What to produce: Omit the pictures and output exactly the lines from the start of the entries through the line containing "此次活动还准备了涂色石膏娃娃".

[Stored entries]
______________________________
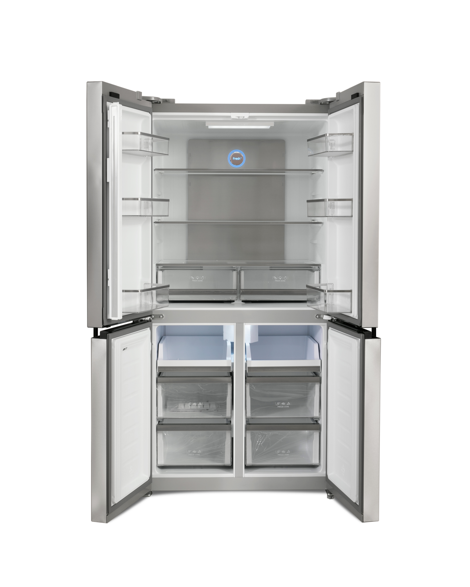 DESIGN ELEMENTS: Sleek cross-door configuration with integrated handles and silver finish, complemented by metal cooling panels for optimal performance.
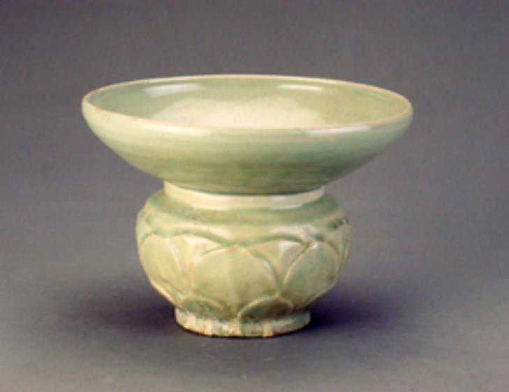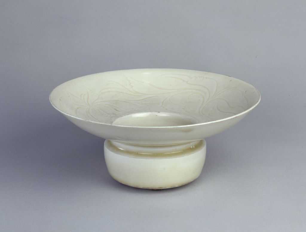 唾液的容器,是卫生用具之一。吴、晋时越窑大量烧制青瓷唾壶,造型为洗口,短颈,丰腹平底。宋代定窑、龙泉窑、越窑都有制品传世,造型变为由下、下两截组成,上部为盘形,下为扁圆腹,浅圈足。北方宋墓壁画有仆人手捧唾壶的形象。
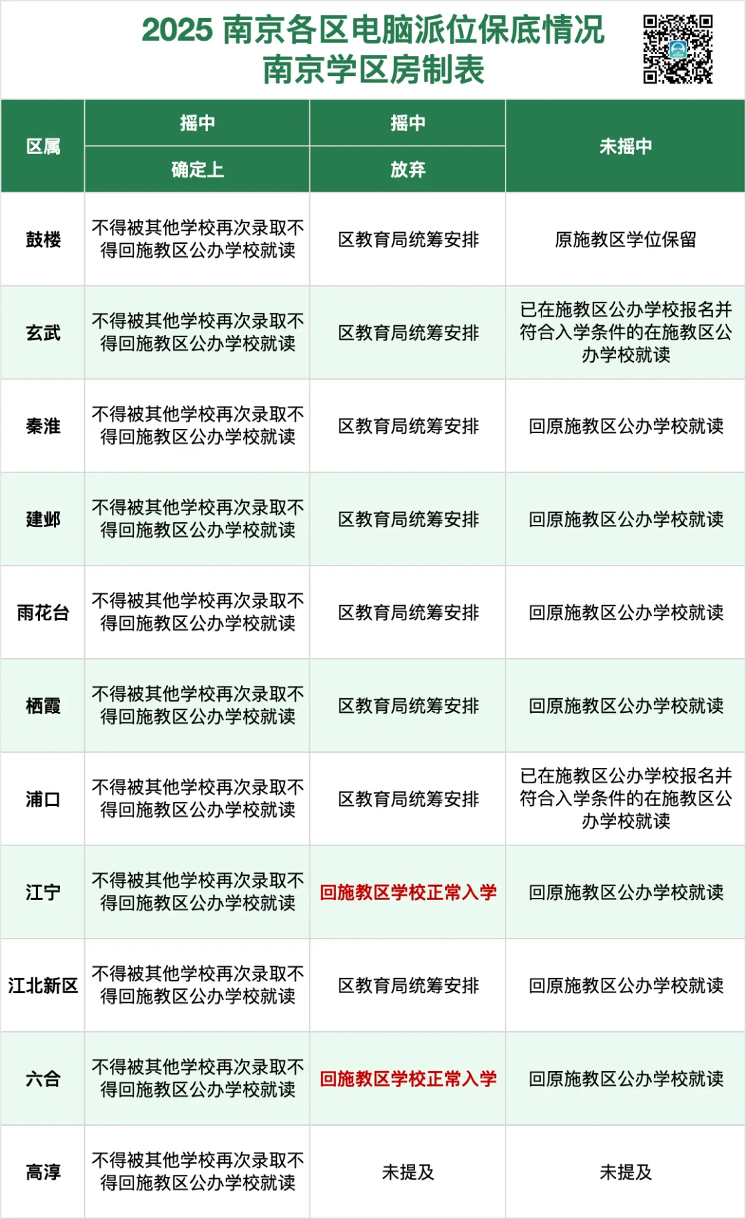 最近咨询幼升小、小升初摇号的家长越来越多,今天就帮大家把 摇号升学全流程 梳理清楚,一篇看懂、少走弯路。我们常说的摇号计划与派位计划是同一概念,二者完全等同。报名学区校与参与摇号互不冲突,务必先报名学区校 —— 摇号存在不中概率,学区校是保底保障。部分家长误以为摇号填报时需选公办校保底,这是错误认知。摇号的 “保底校” 特指 学区校 ,若摇号未中,将自动回学区校就读,这才是保底;而摇号阶段选填的学校,不存在保底机制。若被2所中学同时派中 ,须在规定时间内明确选择其中1所; 逾期未确认,视为自动放弃。⚠️ 重要提醒:电脑派位派中且 现场确认后又放弃 的, 原施教区学位不再保留 ,统一由区教育局统筹安排学校(江宁、六合区除外)。按以往政策, 幼升小与小升初摇号规则不同 ,具体如下:- ✅ 幼升小可报名2所学校 ,组合不限:2所公办、2所民办,或1公1民均可。
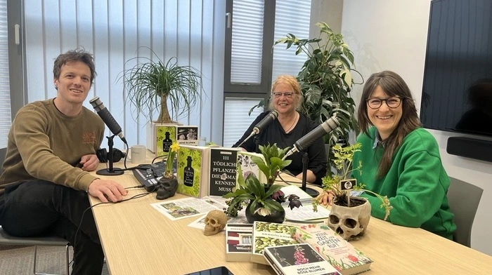Blumentöpfe, die wie Totenköpfe aussehen: Die Deko, die Giftgärtnerin und Krimiautorin Klaudia Blasl für die Video-Aufzeichnung des „delikt“-Podcasts der Kleinen Zeitung im Regionalbüro Hartberg im Gepäck hatte war durchaus ungewöhnlich. Im Gespräch mit delikt-Host David Knes und Redakteurin Carmen Oster erklärte Blasl, warum sie „literarisch auf Giftmorde umgestiegen ist“ und mittlerweile in ihrem 1000 Quadratmeter großen Garten über 300 verschiedene Giftpflanzen versammelt. „Mit Gift hinterlässt man keine Spuren, es ist eine nachwachsende Ressource und man versaut auch nicht das Wohnzimmer“, erklärte die Autorin mit dem schwarzen Humor – und Daumen.
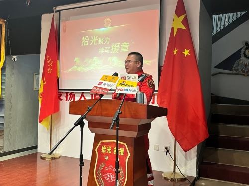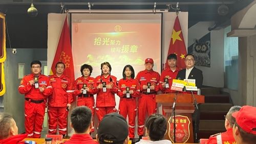 为新队员颁发拾光救援队工作证
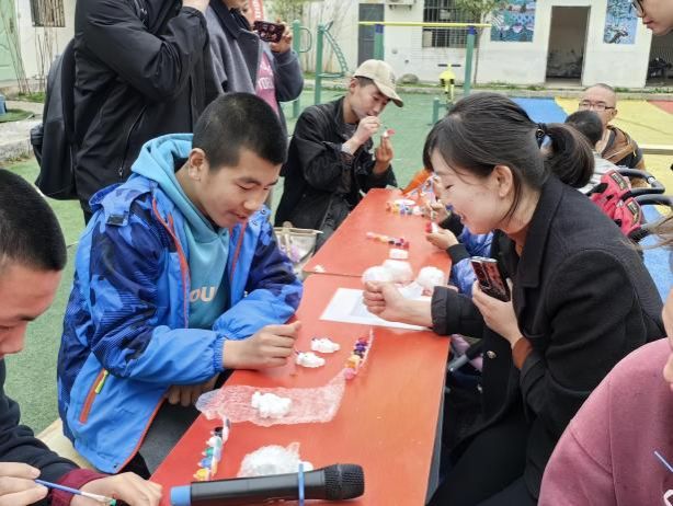 此次活动还准备了涂色石膏娃娃、折纸游戏等,志愿者们陪“心青年”用彩笔给石膏娃娃上颜色,在“心青年”的眼里,每个图形每个图案都有属于自己理解的颜色;操场另一端,志愿者手把手耐心教孩子们叠纸,共同放飞纸飞机,陪伴孩子们一同做球类游戏,以行动点燃点点微光,照亮心智障碍者们孤独的内心世界。
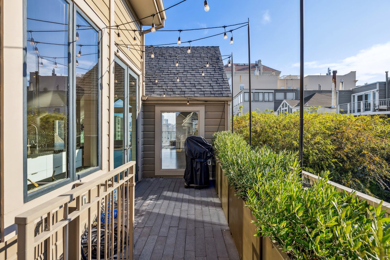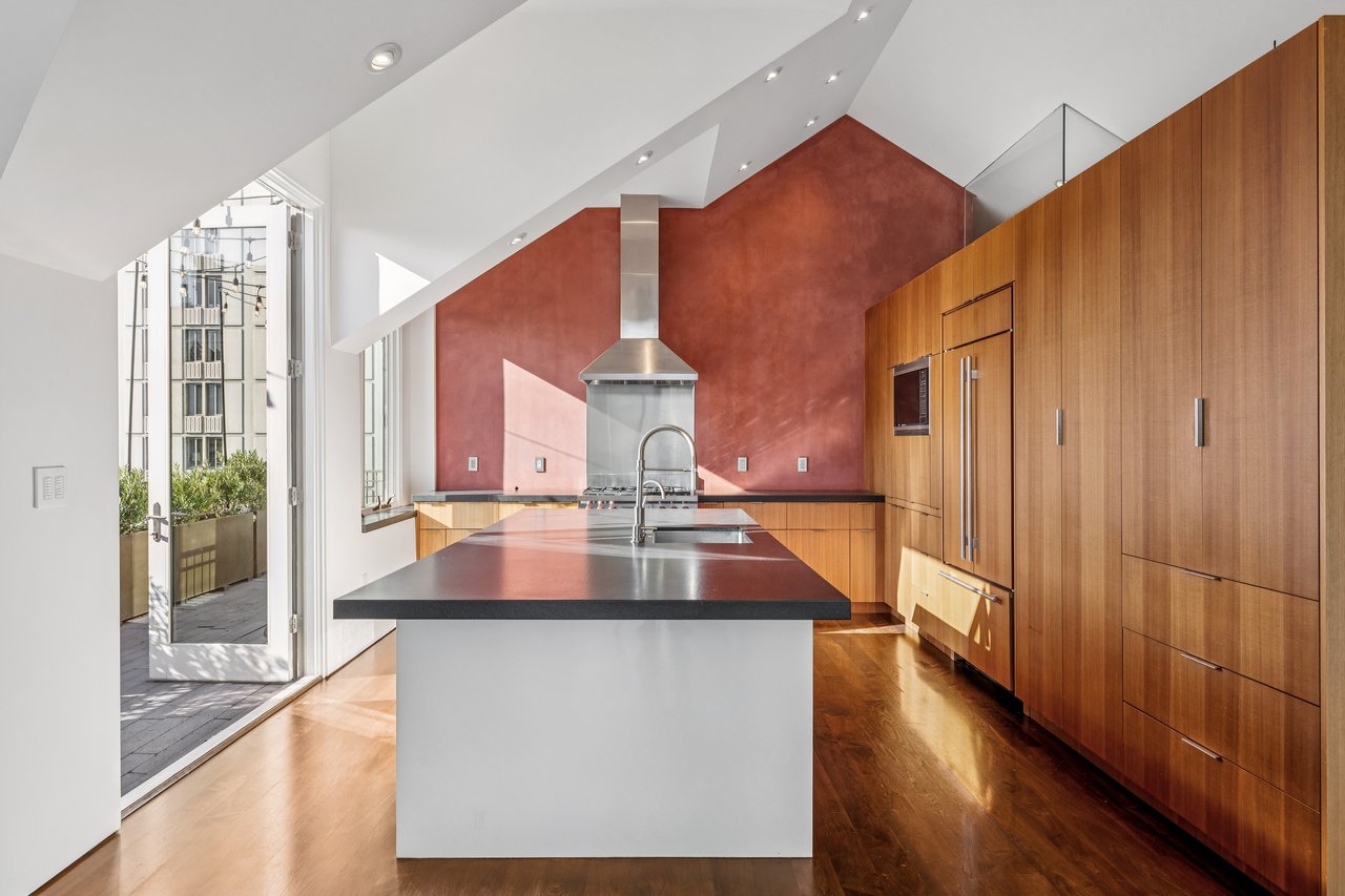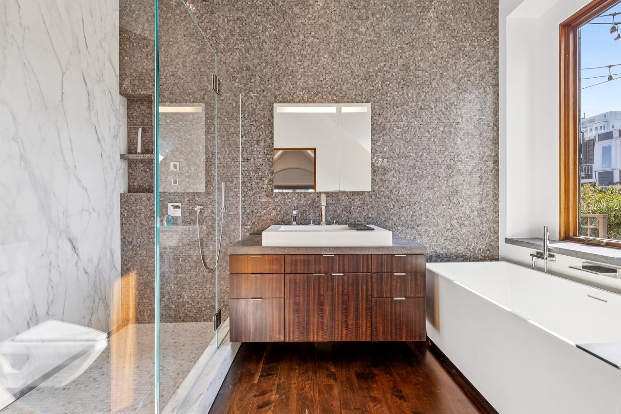 Designed for seamless indoor–outdoor living, this beautifully renovated two-level Pacific Heights penthouse offers multiple private outdoor spaces and sweeping city and bay views. A gracious entry showcases custom built-ins and leads to a sun-filled bathroom with bespoke tilework and a walk-in rainfall and steam shower, thoughtfully positioned between an executive office and a generous bedroom. The upper level is an entertainer’s dream, defined by soaring vaulted ceilings and an open-concept living, dining, and kitchen area that flows effortlessly onto two decks. Large sliding glass doors open the living room to a spacious deck with a fire pit and breathtaking views of the city, the Bay, and Alcatraz. The chef’s kitchen anchors the space and opens directly to an additional deck equipped with a gas grill, while featuring a six-burner Wolf range, a Miele dishwasher, a Sub-Zero refrigerator, wine refrigeration, and an oversized island ideal for gathering. The vaulted primary suite is a serene retreat, offering a private deck with an outdoor Japanese soaking tub and iconic Golden Gate Bridge views. The spa-like ensuite bath includes a deep soaking tub and a walk-in rainfall shower. Throughout the home, high-end finishes elevate the living experience, including radiant heated floors, a Lutron lighting system, and integrated speakers—creating a sophisticated residence where indoor and outdoor living blend effortlessly. Additional conveniences include a stacked in-unit washer and dryer and 10G Sonic Fiber.
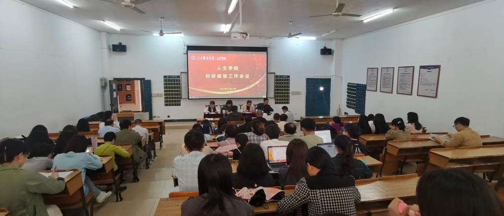 (人文学院讯刘赛球撰稿)为深入贯彻党的二十大精神和习近平总书记关于科技自立自强的重要论述,落实省教育厅关于加强科研诚信建设的相关要求,落实我校关于科研诚信建设的相关部署,营造风清气正、求真务实的良好学术生态和科研环境,建成覆盖全面的科研诚信信息系统,学院于10月24日中午1点在艺术楼107召开科研诚信工作会议。学院领导班子及全体教师参加了本次会议,会议由副院长陈家华主持。
______________________________
Task solution:
 DESIGN ELEMENTS: Sleek cross-door configuration with integrated handles and silver finish, complemented by metal cooling panels for optimal performance.
 唾液的容器,是卫生用具之一。吴、晋时越窑大量烧制青瓷唾壶,造型为洗口,短颈,丰腹平底。宋代定窑、龙泉窑、越窑都有制品传世,造型变为由下、下两截组成,上部为盘形,下为扁圆腹,浅圈足。北方宋墓壁画有仆人手捧唾壶的形象。
 最近咨询幼升小、小升初摇号的家长越来越多,今天就帮大家把 摇号升学全流程 梳理清楚,一篇看懂、少走弯路。我们常说的摇号计划与派位计划是同一概念,二者完全等同。报名学区校与参与摇号互不冲突,务必先报名学区校 —— 摇号存在不中概率,学区校是保底保障。部分家长误以为摇号填报时需选公办校保底,这是错误认知。摇号的 “保底校” 特指 学区校 ,若摇号未中,将自动回学区校就读,这才是保底;而摇号阶段选填的学校,不存在保底机制。若被2所中学同时派中 ,须在规定时间内明确选择其中1所; 逾期未确认,视为自动放弃。⚠️ 重要提醒:电脑派位派中且 现场确认后又放弃 的, 原施教区学位不再保留 ,统一由区教育局统筹安排学校(江宁、六合区除外)。按以往政策, 幼升小与小升初摇号规则不同 ,具体如下:- ✅ 幼升小可报名2所学校 ,组合不限:2所公办、2所民办,或1公1民均可。
Blumentöpfe, die wie Totenköpfe aussehen: Die Deko, die Giftgärtnerin und Krimiautorin Klaudia Blasl für die Video-Aufzeichnung des „delikt“-Podcasts der Kleinen Zeitung im Regionalbüro Hartberg im Gepäck hatte war durchaus ungewöhnlich. Im Gespräch mit delikt-Host David Knes und Redakteurin Carmen Oster erklärte Blasl, warum sie „literarisch auf Giftmorde umgestiegen ist“ und mittlerweile in ihrem 1000 Quadratmeter großen Garten über 300 verschiedene Giftpflanzen versammelt. „Mit Gift hinterlässt man keine Spuren, es ist eine nachwachsende Ressource und man versaut auch nicht das Wohnzimmer“, erklärte die Autorin mit dem schwarzen Humor – und Daumen.
 为新队员颁发拾光救援队工作证
 此次活动还准备了涂色石膏娃娃、折纸游戏等,志愿者们陪“心青年”用彩笔给石膏娃娃上颜色,在“心青年”的眼里,每个图形每个图案都有属于自己理解的颜色;操场另一端,志愿者手把手耐心教孩子们叠纸,共同放飞纸飞机,陪伴孩子们一同做球类游戏,以行动点燃点点微光,照亮心智障碍者们孤独的内心世界。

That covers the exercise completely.